A paper discusses the concept of Artificial Emotion (AE) in Artificial Intelligence (AI) and its potential advantages. They review current manifestations of AE in machine learning systems and examine emotion-modulated architectures.
We-Math 2.0: A Versatile MathBook System for Visual Mathematical Reasoning.
Runqi Qiao and colleagues submitted a paper introducing We-Math 2.0, a system designed to enhance the mathematical reasoning abilities of Multimodal Large Language Models (MLLMs). The system integrates a structured mathematical knowledge system with 491 knowledge points and 1,819 fundamental principles.
ToolACE-R: Model-aware Iterative Training and Adaptive Refinement for Tool Learning.
A new version (v2) of the paper 'ToolACE-R: Model-aware Iterative Training and Adaptive Refinement for Tool Learning' was submitted to arXiv on August 14, 2025. ToolACE-R uses model-aware iterative training and adaptive refinement to improve tool invocation and performance.
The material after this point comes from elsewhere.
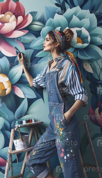 Девушка, нарисованная в качестве художника, украшающего большую стену цветочной росписью, Ай создала изображение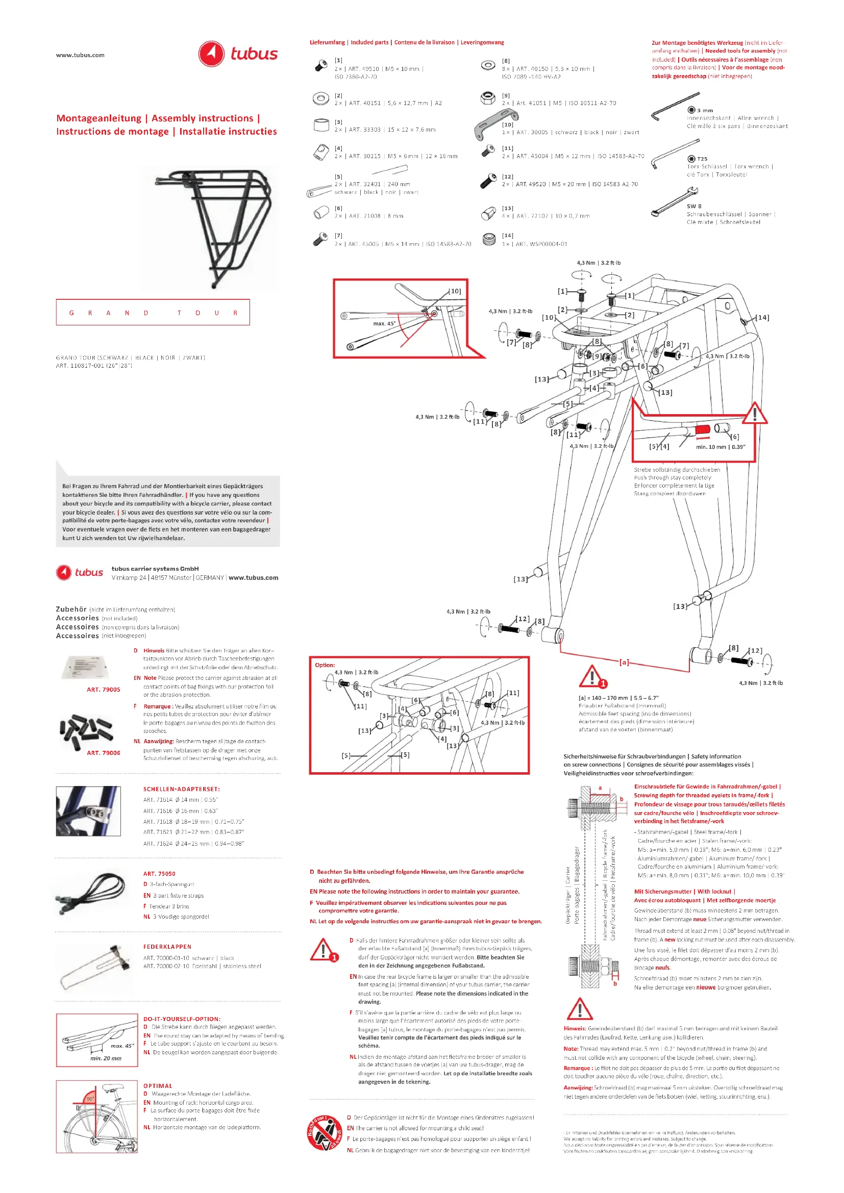 - Le porte-bagages GRAND TOUR est uniquement conçu et homologué pour être monté à l'arrière du vélo. Y'utilisez que des composants de montage spécifiques à cet article. Veuillez respecter les couples de serrage et la description (en matière de norme et de solidité) de chaque pièce de fixation liequants sur le schima de montage. Les couples sont indiqués en Newton a métro (Nm) et en pied-livre (foot-pound/ft.lb). Pour obtenir le couple de serrage adéquat, utilisez une clé dynamométrique.

Method for text-driven image generation.
A paper proposes a method integrating text-image contrastive constraints with structural guidance mechanisms to improve semantic alignment and structural consistency. Experiments on the COCO-2014 dataset confirm the method's superior performance.
Real-World AI
Mobile-friendly deep learning for plant disease detection.
Researchers have developed a mobile-friendly deep learning solution for detecting plant diseases across 101 classes of 33 crops. EfficientNet-B1 achieved 94.7% classification accuracy, suitable for mobile deployment.
DxDirector-7B, an LLM for clinical diagnosis, is introduced.
A research paper introduces DxDirector-7B, a Large Language Model (LLM) designed to reverse the physician-AI relationship in clinical diagnosis. Evaluations show DxDirector-7B achieves superior diagnostic accuracy and reduces physician workload.
UI-Venus, a UI agent using screenshots, is introduced.
A technical report introduced UI-Venus, a UI agent using screenshots as input and based on a multimodal large language model. UI-Venus achieves SOTA performance on UI grounding and navigation tasks with reinforcement finetune (RFT) based on Qwen2.5-VL.
Self-supervised method for temporal super-resolution of energy data.
Researchers propose a self-supervised method using Generative Adversarial Transformers (GATs) for temporal super-resolution of energy data. This method can be trained without high-resolution data and reduces RMSE by 9%.
ReviewRL: Towards Automated Scientific Review with RL.
A paper introduces ReviewRL, a reinforcement learning framework for generating scientific paper reviews. The framework uses an ArXiv-MCP retrieval-augmented context generation pipeline, supervised fine-tuning, and a reinforcement learning procedure.